• [INPUT]:
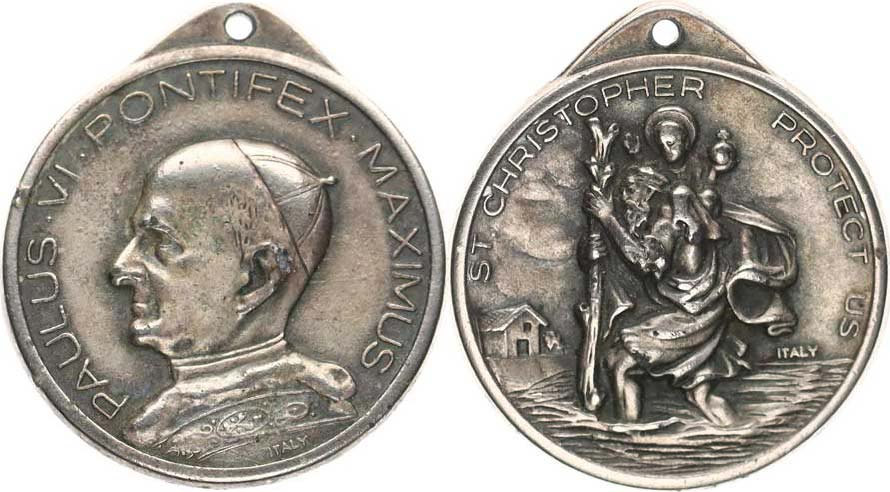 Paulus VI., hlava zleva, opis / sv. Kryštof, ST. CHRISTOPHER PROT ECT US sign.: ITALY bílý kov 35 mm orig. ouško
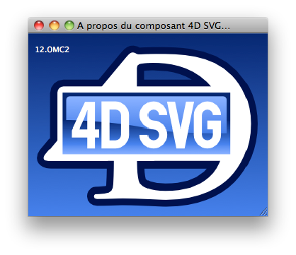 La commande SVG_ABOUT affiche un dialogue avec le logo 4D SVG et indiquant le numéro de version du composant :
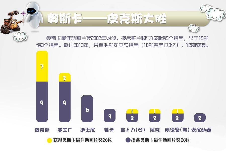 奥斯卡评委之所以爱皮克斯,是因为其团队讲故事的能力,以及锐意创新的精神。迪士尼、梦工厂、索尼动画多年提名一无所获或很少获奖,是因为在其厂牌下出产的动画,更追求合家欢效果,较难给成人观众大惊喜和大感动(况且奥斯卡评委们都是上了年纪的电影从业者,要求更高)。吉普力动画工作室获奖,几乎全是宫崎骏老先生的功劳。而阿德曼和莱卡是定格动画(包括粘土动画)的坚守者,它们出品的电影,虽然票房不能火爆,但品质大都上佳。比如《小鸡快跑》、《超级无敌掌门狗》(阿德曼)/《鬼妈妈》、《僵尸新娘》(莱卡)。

==

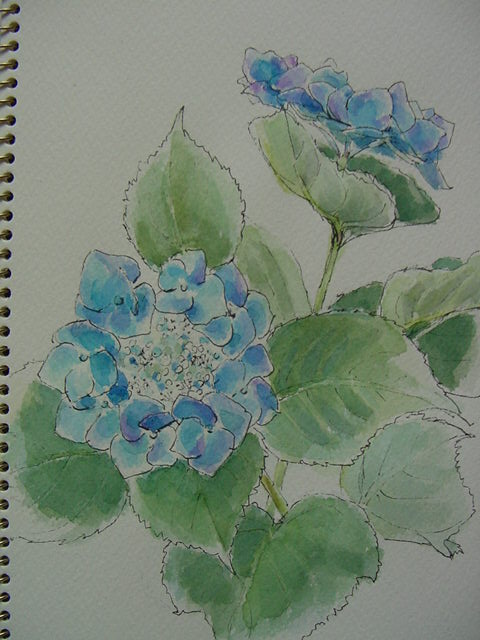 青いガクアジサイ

• [YOUR GOAL]: The reply should hold the entries above from the line with "La commande SVG_ABOUT" to the line with "奥斯卡评委之所以爱皮克斯,是", duplicated exactly, pictures excluded.

• [RESPONSE BELOW]:
 La commande SVG_ABOUT affiche un dialogue avec le logo 4D SVG et indiquant le numéro de version du composant :
 奥斯卡评委之所以爱皮克斯,是因为其团队讲故事的能力,以及锐意创新的精神。迪士尼、梦工厂、索尼动画多年提名一无所获或很少获奖,是因为在其厂牌下出产的动画,更追求合家欢效果,较难给成人观众大惊喜和大感动(况且奥斯卡评委们都是上了年纪的电影从业者,要求更高)。吉普力动画工作室获奖,几乎全是宫崎骏老先生的功劳。而阿德曼和莱卡是定格动画(包括粘土动画)的坚守者,它们出品的电影,虽然票房不能火爆,但品质大都上佳。比如《小鸡快跑》、《超级无敌掌门狗》(阿德曼)/《鬼妈妈》、《僵尸新娘》(莱卡)。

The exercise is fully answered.